> [Work item]: No pictures in the copy, please: retype all the records exactly.

--- Information shown Enclosed Below ---

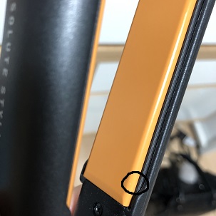 그래서 이상해서 꼼꼼히 자세히보니까 고데기 세라믹 판에 하얀색 흠집이 나있더라구요 보시면 검정색깔 동그라미친 부분쪽에 하얀색 점 하나가 있습니다.
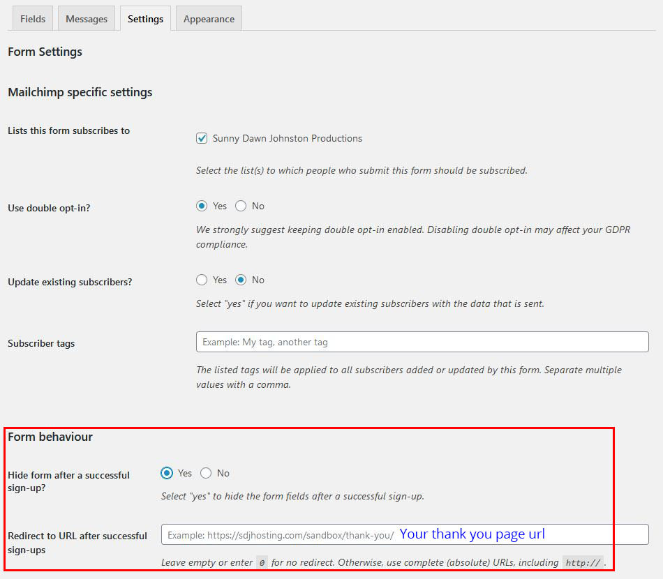 - Scroll down to the Form behavior section and check the YES radio button under Hide form after a successful sign up?
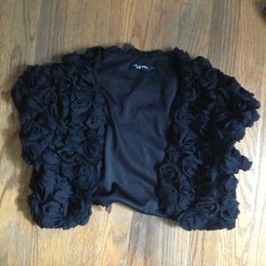 Black shrug with polyester rosette texture. Worn once to a wedding. Very versatile. Flattering and unique.
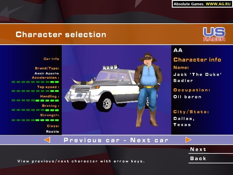 US Racer - гоночная аркада с элементами симулятора, предлагающая прокатиться по детализированному миру на разнообразных легковых авто. Дороги пролегают через самые крупные мегаполисы Соединенных Штатов. Помчитесь по Лас-Вегасу, Нью-Йорку, Лос-Анджелесу, Чикаго, Хьюстону, Вашингтону и Майами и другим трассам США. Любой из городов можно посещать в произвольном порядке.
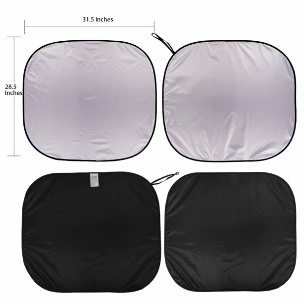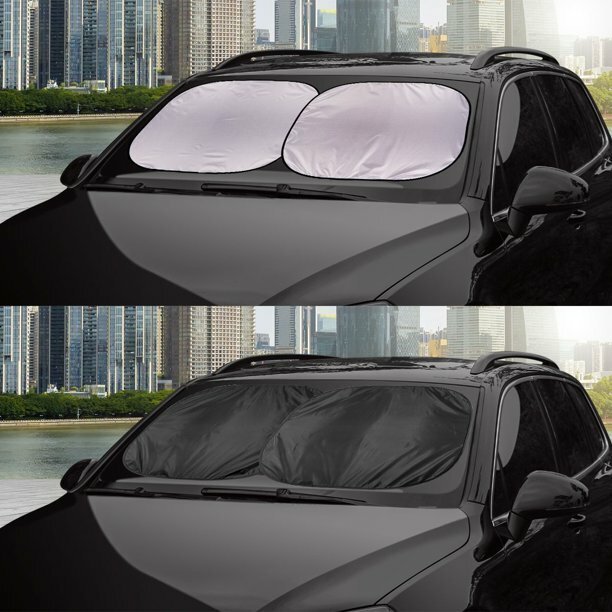 This Sale is for Two (2) Auto Drive Sun Shades Auto shade Silver/Black Each shade measures approximately 28.5" x 31.5" Durable construction Universal fit for most cars ~ SUV's ~ vehicles Twist Sun Shade will protect your vehicles interior from high temperatures UV rays Simple instructions ~ open and press shade against windshield ~ pull down visor to hold shade in place Foldable for storage in your vehicle Sun Shade is new in original packaging Please view photos for a good description of this item Thank you!
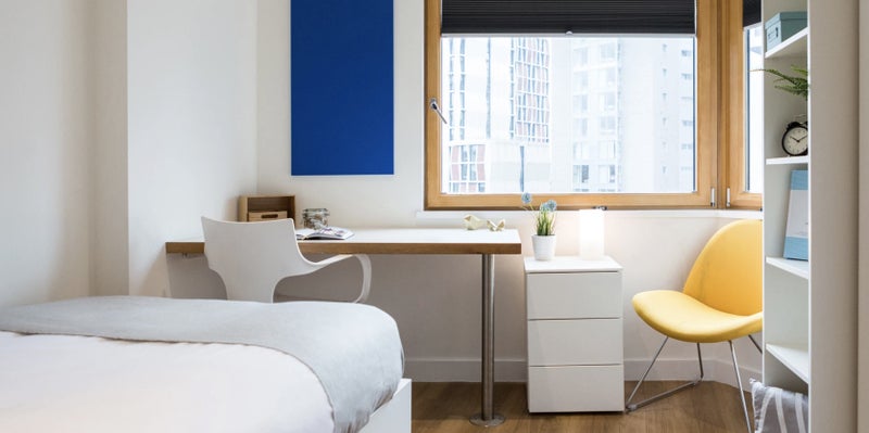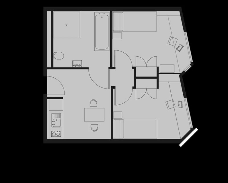 2 bed apartments are a total of 35 SQM in size. Each room contains a bed, storage space and desk and chair. Apartments also include a shared kitchen and En suite bathrooms with a shower and bathtub.
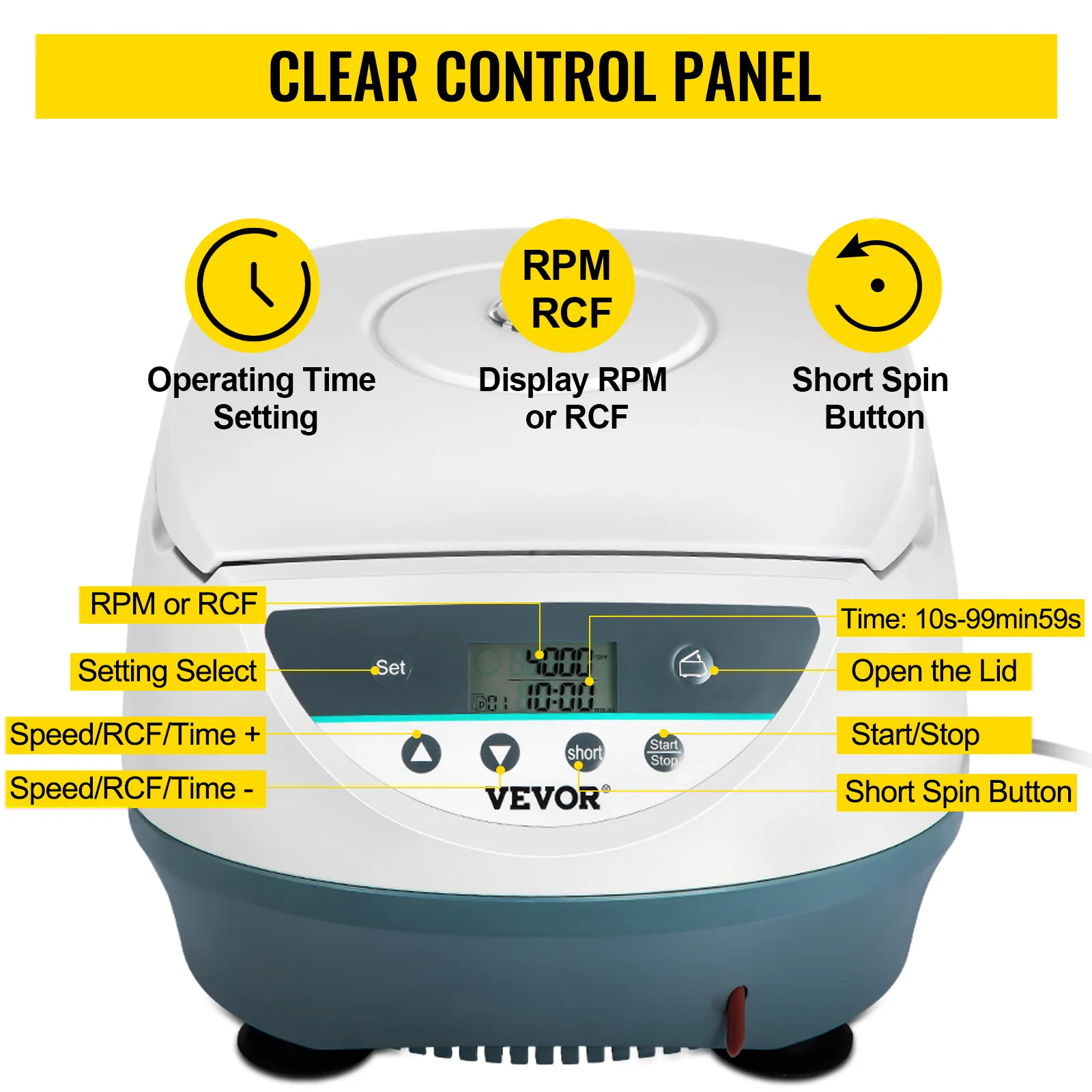 Our lab centrifuge machine comes with two rotors: 6 x 15mL rotor and 8 x 15mL rotor, and it accommodates 15mL centrifuge tubes, processing a large volume of samples at a time.
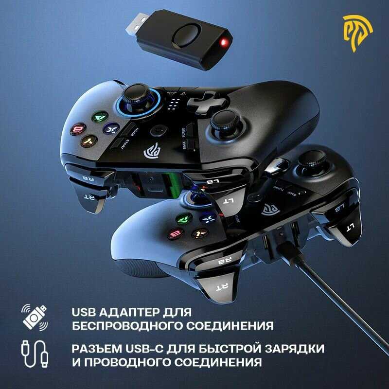 Геймпад легко подключается к ПК через беспроводной приемник (донгл), который распознается системой автоматически, без необходимости установки дополнительных драйверов. Для подключения к телевизору или телефону используется кабель Type-C, входящий в комплект. Беспроводное соединение через ресивер отличается стабильностью и мгновенным откликом, что подтверждается множеством пользователей. -
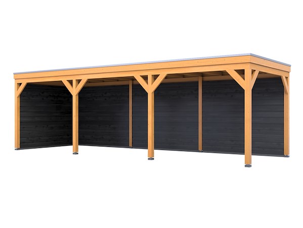 Merk: Verando Product: Douglas overkapping, 302 x 864 cm + wanden zwart, Materiaal: Douglas Conditie: nieuw Specificaties: De Verando Origin Douglas overkapping is een bouwpakket van fijn bezaagd Europees Douglas hout. Het bouwpakket is al op maat gezaagd en wordt geleverd als een compleet pakket inclusief bevestigingsmaterialen en een duidelijke, stapsgewijze handleiding voor de montage. Het pakket bestaat uit: - Palen van 12 x 12 cm; - Een ringbalk van 5 x 15 cm; - Een balklaag van 5 x 15 cm; - Dakbeschot van 1,8 cm dik; - Boeiboorden van 2,2 x 20 cm; - Schoren van 5 x 15 cm; - Zij- en achterwand van zwart Douglas Zweeds rabat; - Alle benodigde bevestigingsmaterialen; - Heldere en gebruiksvriendelijke montagehandleiding. De laatste afbeelding is ter illustratie van de houtkwaliteit.
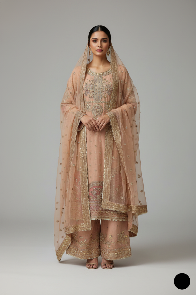 - The outfit features a shirt made from chiffon fabric, paired with trousers also crafted from chiffon fabric, and a dupatta made from organza fabric. The style of the ensemble is a straight shirt with plaazo trousers, offering a sleek and modern look. The shirt has a length of 44/46, providing a tailored and comfortable fit. The total weight of the outfit is 1.200 kg, making it lightweight yet elegant. The combination of soft, flowing chiffon and the delicate organza dupatta creates a perfect balance of sophistication and contemporary style, ideal for a chic and graceful appearance.
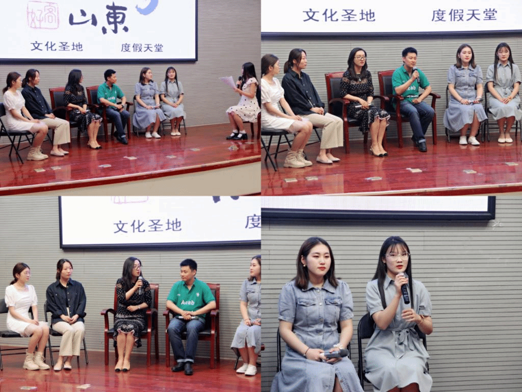 交流会首先由郭泽清为大家进行导游讲解展示。郭泽清讲解风趣幽默、言简意赅,短短几分钟的讲解,让同学们游遍了美丽的泉城济南,了解了千佛山、趵突泉、大明湖等景点背后的故事,仿佛身临其境,久久不能自拔。
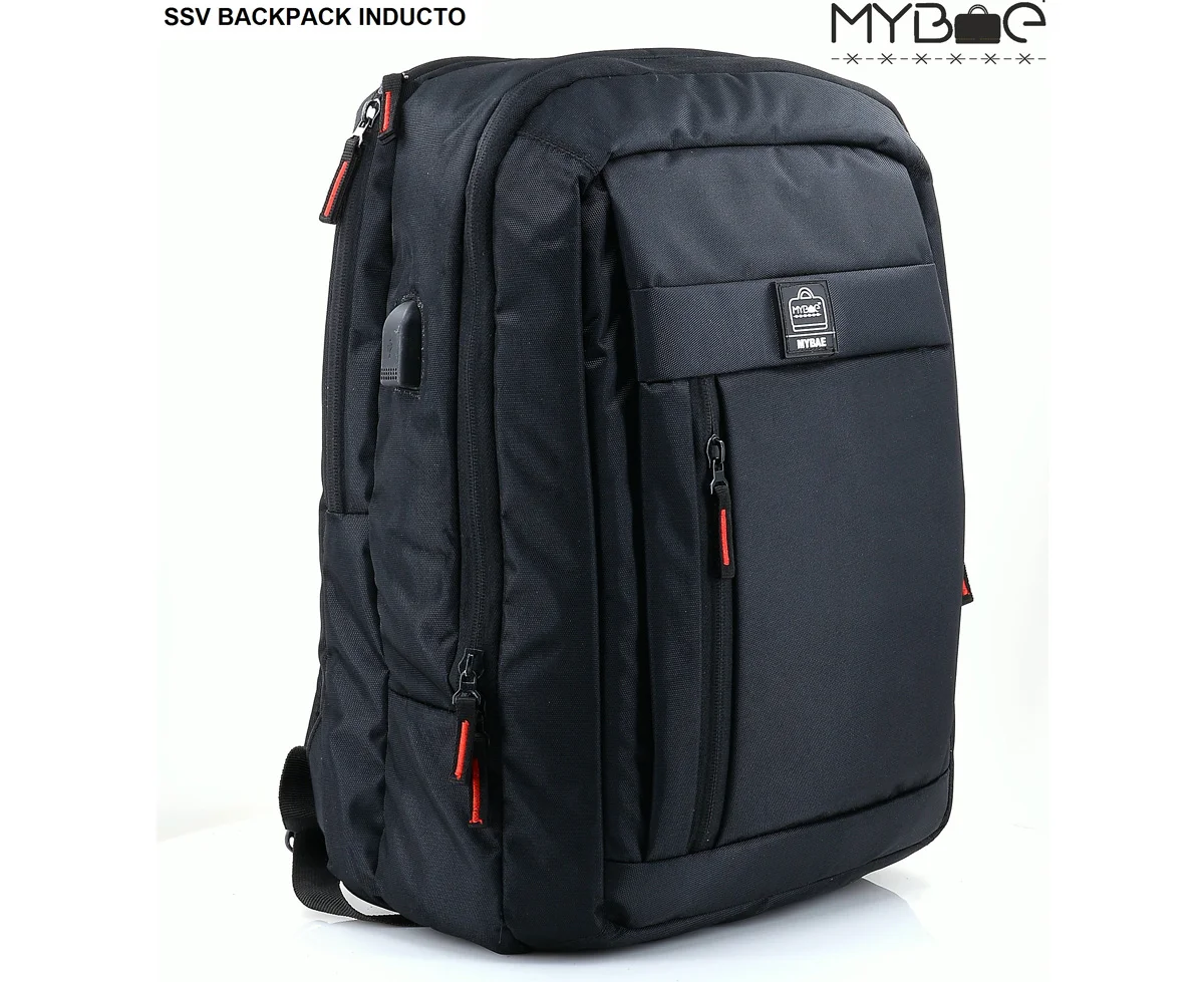 Stay connected on the go with the Mybae Inducto Laptop Backpack featuring a built-in USB charging port. Easily charge your smartphone or devices anytime by connecting your power bank inside the bag.
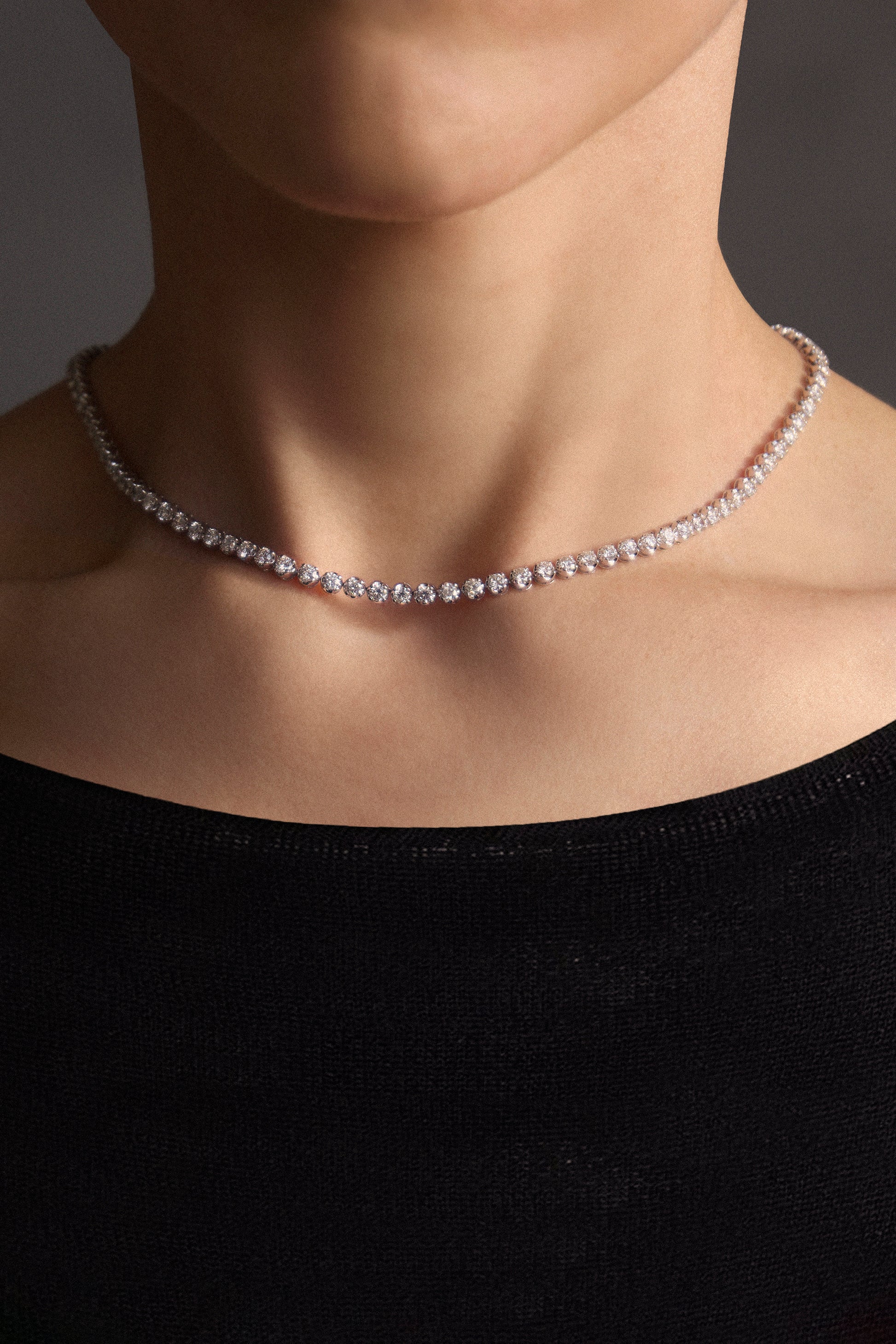 Crown Set 3/4 Tennis Necklace
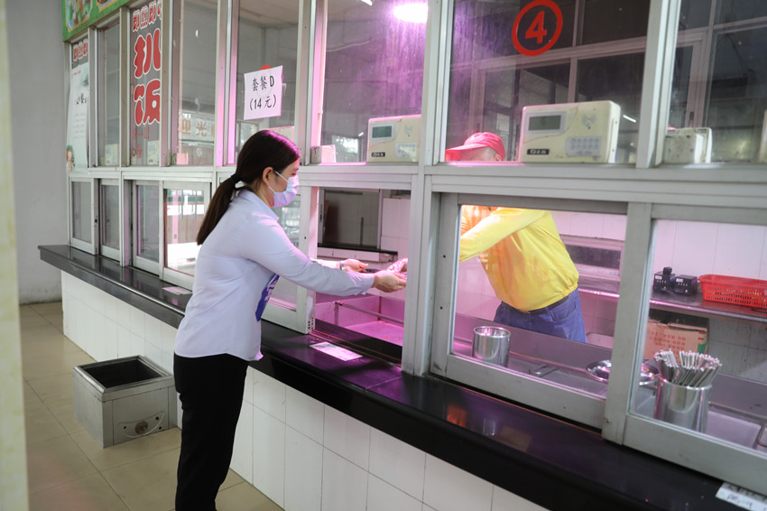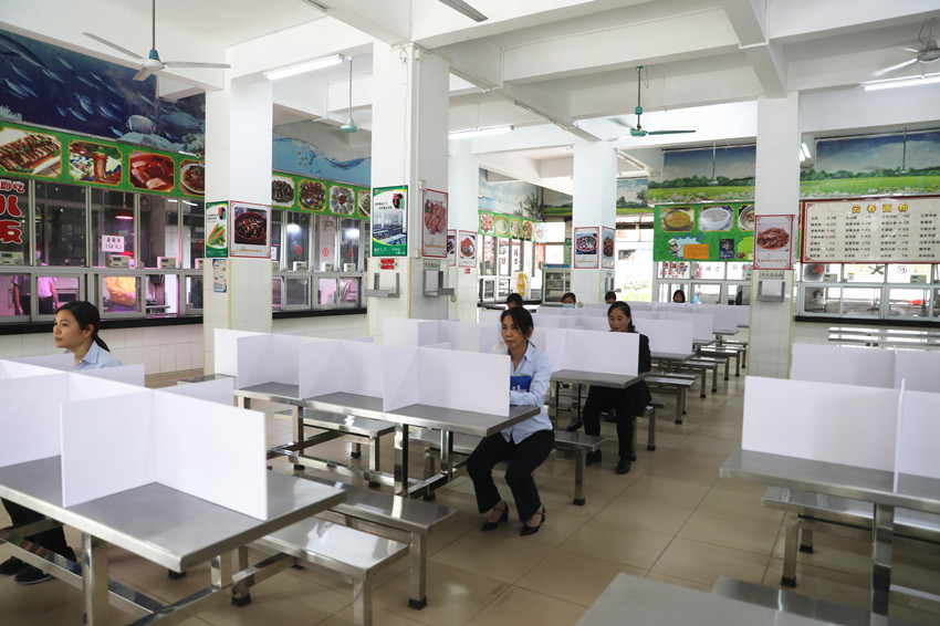 食堂分发套餐,即取即走,实行分区用餐,到餐位坐下吃饭的最后一刻才摘口罩,就餐结束后立即佩戴口罩并离开。
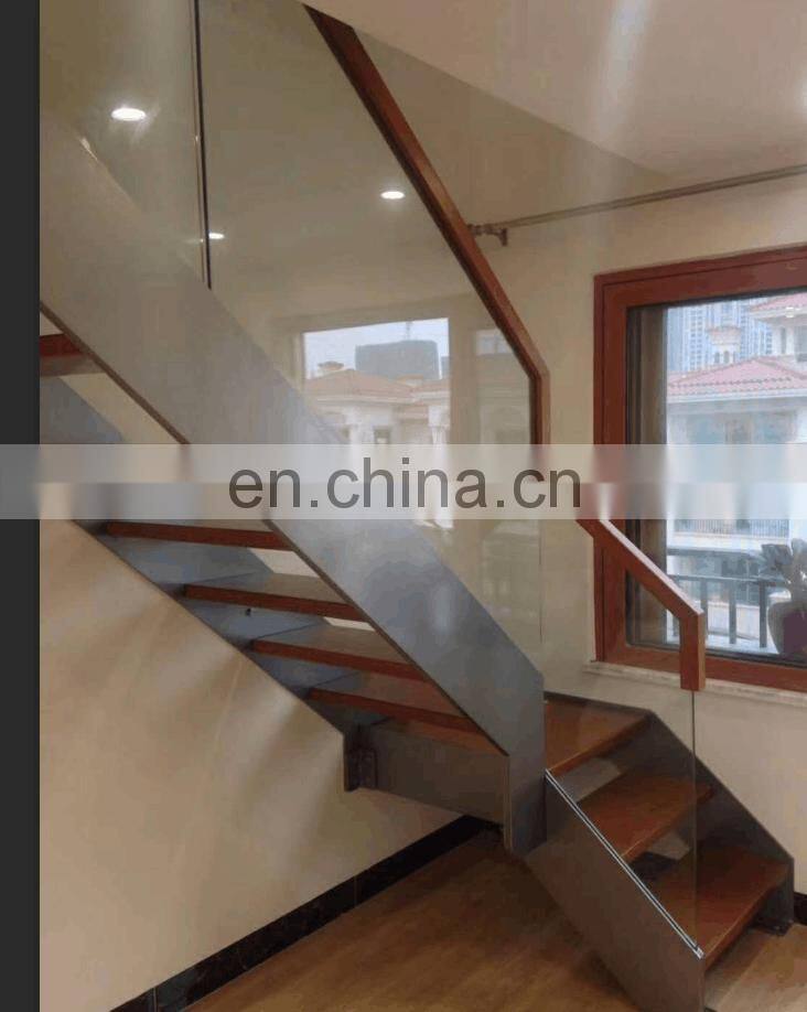 Modern Style Indoor Mono Stringer Glass Wood Staircase With Stainless Steel Hanrail
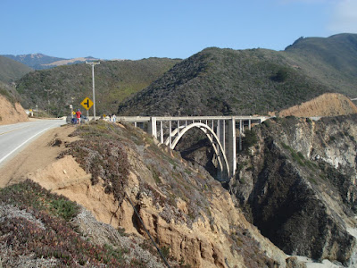 Wir sind hier hineingefahren und sahen uns konfrontiert mit langen Anstiegen, richtigen Kurven und spektakulären Kunstbauten - v.a. aber mit erregenden Blicken hinunter ins klarblaue Meer (seit Monterey ist das Meer unglaublich sauber).
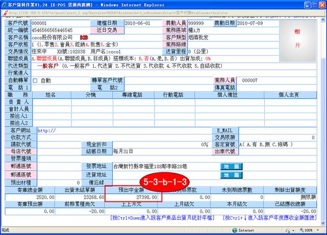 5-3-b.客戶代號資料未結單預備出貨總額,因為已經有預備出貨了,相對的預備出貨金額應該增加。(DealStor客戶資料檔)

--- End of Enclosed Information shown ---

> [Response area]:
 그래서 이상해서 꼼꼼히 자세히보니까 고데기 세라믹 판에 하얀색 흠집이 나있더라구요 보시면 검정색깔 동그라미친 부분쪽에 하얀색 점 하나가 있습니다.
 - Scroll down to the Form behavior section and check the YES radio button under Hide form after a successful sign up?
 Black shrug with polyester rosette texture. Worn once to a wedding. Very versatile. Flattering and unique.
 US Racer - гоночная аркада с элементами симулятора, предлагающая прокатиться по детализированному миру на разнообразных легковых авто. Дороги пролегают через самые крупные мегаполисы Соединенных Штатов. Помчитесь по Лас-Вегасу, Нью-Йорку, Лос-Анджелесу, Чикаго, Хьюстону, Вашингтону и Майами и другим трассам США. Любой из городов можно посещать в произвольном порядке.
 This Sale is for Two (2) Auto Drive Sun Shades Auto shade Silver/Black Each shade measures approximately 28.5" x 31.5" Durable construction Universal fit for most cars ~ SUV's ~ vehicles Twist Sun Shade will protect your vehicles interior from high temperatures UV rays Simple instructions ~ open and press shade against windshield ~ pull down visor to hold shade in place Foldable for storage in your vehicle Sun Shade is new in original packaging Please view photos for a good description of this item Thank you!
 2 bed apartments are a total of 35 SQM in size. Each room contains a bed, storage space and desk and chair. Apartments also include a shared kitchen and En suite bathrooms with a shower and bathtub.
 Our lab centrifuge machine comes with two rotors: 6 x 15mL rotor and 8 x 15mL rotor, and it accommodates 15mL centrifuge tubes, processing a large volume of samples at a time.
 Геймпад легко подключается к ПК через беспроводной приемник (донгл), который распознается системой автоматически, без необходимости установки дополнительных драйверов. Для подключения к телевизору или телефону используется кабель Type-C, входящий в комплект. Беспроводное соединение через ресивер отличается стабильностью и мгновенным откликом, что подтверждается множеством пользователей. -
 Merk: Verando Product: Douglas overkapping, 302 x 864 cm + wanden zwart, Materiaal: Douglas Conditie: nieuw Specificaties: De Verando Origin Douglas overkapping is een bouwpakket van fijn bezaagd Europees Douglas hout. Het bouwpakket is al op maat gezaagd en wordt geleverd als een compleet pakket inclusief bevestigingsmaterialen en een duidelijke, stapsgewijze handleiding voor de montage. Het pakket bestaat uit: - Palen van 12 x 12 cm; - Een ringbalk van 5 x 15 cm; - Een balklaag van 5 x 15 cm; - Dakbeschot van 1,8 cm dik; - Boeiboorden van 2,2 x 20 cm; - Schoren van 5 x 15 cm; - Zij- en achterwand van zwart Douglas Zweeds rabat; - Alle benodigde bevestigingsmaterialen; - Heldere en gebruiksvriendelijke montagehandleiding. De laatste afbeelding is ter illustratie van de houtkwaliteit.
 - The outfit features a shirt made from chiffon fabric, paired with trousers also crafted from chiffon fabric, and a dupatta made from organza fabric. The style of the ensemble is a straight shirt with plaazo trousers, offering a sleek and modern look. The shirt has a length of 44/46, providing a tailored and comfortable fit. The total weight of the outfit is 1.200 kg, making it lightweight yet elegant. The combination of soft, flowing chiffon and the delicate organza dupatta creates a perfect balance of sophistication and contemporary style, ideal for a chic and graceful appearance.
 交流会首先由郭泽清为大家进行导游讲解展示。郭泽清讲解风趣幽默、言简意赅,短短几分钟的讲解,让同学们游遍了美丽的泉城济南,了解了千佛山、趵突泉、大明湖等景点背后的故事,仿佛身临其境,久久不能自拔。
 Stay connected on the go with the Mybae Inducto Laptop Backpack featuring a built-in USB charging port. Easily charge your smartphone or devices anytime by connecting your power bank inside the bag.
 Crown Set 3/4 Tennis Necklace
 食堂分发套餐,即取即走,实行分区用餐,到餐位坐下吃饭的最后一刻才摘口罩,就餐结束后立即佩戴口罩并离开。
 Modern Style Indoor Mono Stringer Glass Wood Staircase With Stainless Steel Hanrail
 Wir sind hier hineingefahren und sahen uns konfrontiert mit langen Anstiegen, richtigen Kurven und spektakulären Kunstbauten - v.a. aber mit erregenden Blicken hinunter ins klarblaue Meer (seit Monterey ist das Meer unglaublich sauber).
 5-3-b.客戶代號資料未結單預備出貨總額,因為已經有預備出貨了,相對的預備出貨金額應該增加。(DealStor客戶資料檔)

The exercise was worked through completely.